He said boats were cast ashore, water, sewers and electricity were knocked out, and “I don’t think I saw one trailer park where almost everything wasn’t overturned.” Authorities also struggled to clear the single highway connecting the string of islands to the mainland.

The Keys felt Irma’s full fury when the storm blew ashore as a Category 4 hurricane Sunday morning with 130 mph (209 kph) winds. How many people in the dangerously exposed, low-lying islands defied evacuation orders and stayed behind was unclear.

As Irma weakened into a tropical storm and finally left Florida on Monday after a run up the entire 400-mile length of the state, the full scale of its destruction was still unknown, in part because of cutoff communications and blocked roads. Monday night, the storm had weakened to a tropical depression near Columbus, Georgia.

Six deaths in Florida have been blamed on Irma, along with three in Georgia and one in South Carolina. At least 35 people were killed in the Caribbean.

Statewide, an estimated 13 million people, or two-thirds of Florida’s population, remained without power. That’s more than the population of New York and Los Angeles combined. Officials warned it could take weeks for electricity to be restored to everyone.

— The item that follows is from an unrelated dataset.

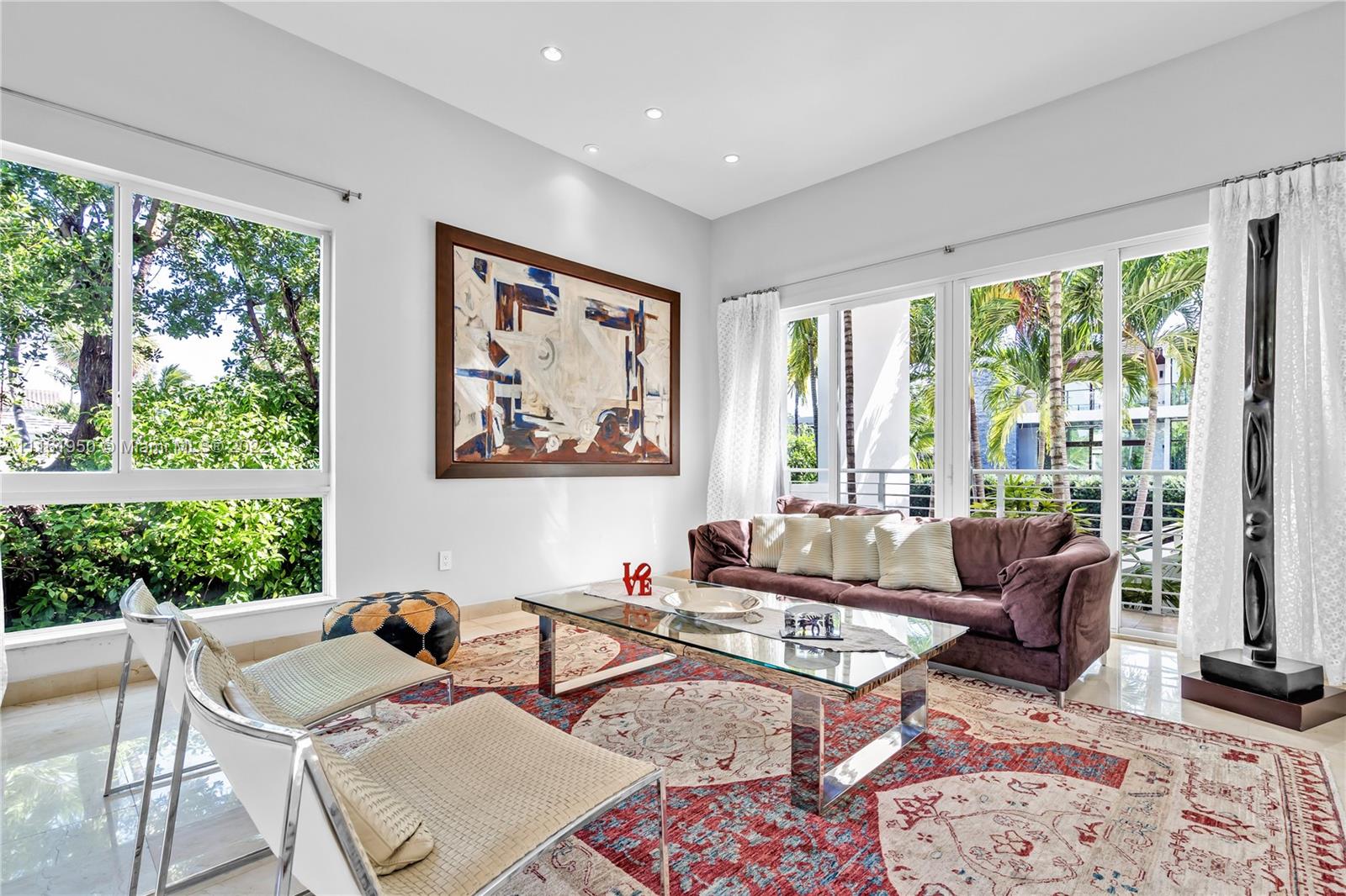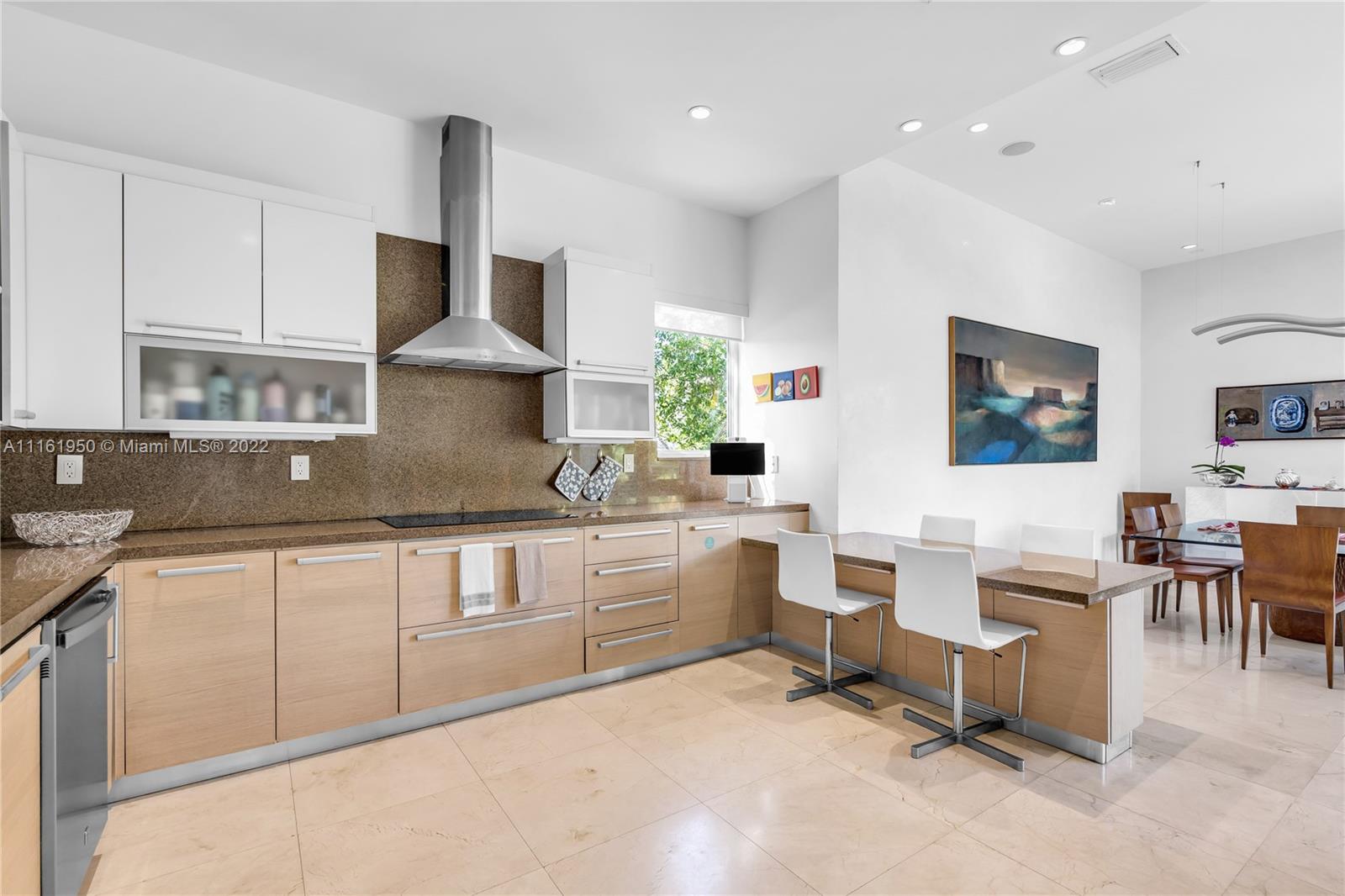 Beautiful modern home located in the heart of Key Biscayne just steps away from Harbor Drive and brand new Harbor Park. The property features 5 bedroom and 5.5 bathrooms. Very spacious and bright, ample living area overlooking a covered terrace on the pool. The large kitchen opens to a big dining area facing the garden that could be easily converted into a family room. Guest bedroom/home office with private bathroom located on the mezzanine. Separate home entrance from carport with lots of extra storage. On second level you will find the master suite and 3 other bedrooms with en suite bathrooms. A big terrace outside the master bedroom connects to the rooftop overlooking the key

More than 180,000 people huddled in shelters in the Sunshine State.

“How are we going to survive from here?” asked Gwen Bush, who waded through thigh-deep floodwaters outside her central Florida home to reach National Guard rescuers and get a ride to a shelter. “What’s going to happen now? I just don’t know.”

The governor said it was way too early to put a dollar estimate on the damage.

During its march up Florida’s west coast, Irma swamped homes, uprooted trees, flooded streets, snapped miles of power lines and toppled construction cranes.

In a parting shot, it triggered severe flooding around Jacksonville in the state’s northeastern corner. It also spread misery into Georgia and South Carolina as it moved inland with winds at 50 mph, causing flooding and power outages.

Around the Tampa-St. Petersburg area, where Irma rolled through early Monday, damage appeared modest. And the governor said damage on the southwest coast, including in Naples and Fort Myers, was not as bad as feared. In the Keys, though, he said “there is devastation.”

“It’s horrible, what we saw,” Scott said. “I know for our entire state, especially the Keys, it’s going to be a long road.”

He said the Navy dispatched the USS Iwo Jima, USS New York and the aircraft carrier Abraham Lincoln to help with search and rescue and other relief efforts.

Emergency managers in the islands declared on Monday “the Keys are not open for business” and warned that there was no fuel, electricity, running water or cell service and that supplies were low and anxiety high.

“HELP IS ON THE WAY,” they promised on Facebook.

The Keys are linked by 42 bridges that have to be checked for safety before motorists can be allowed in, officials said. The governor said the route also needs to be cleared of debris and sand, but should be usable fairly quickly.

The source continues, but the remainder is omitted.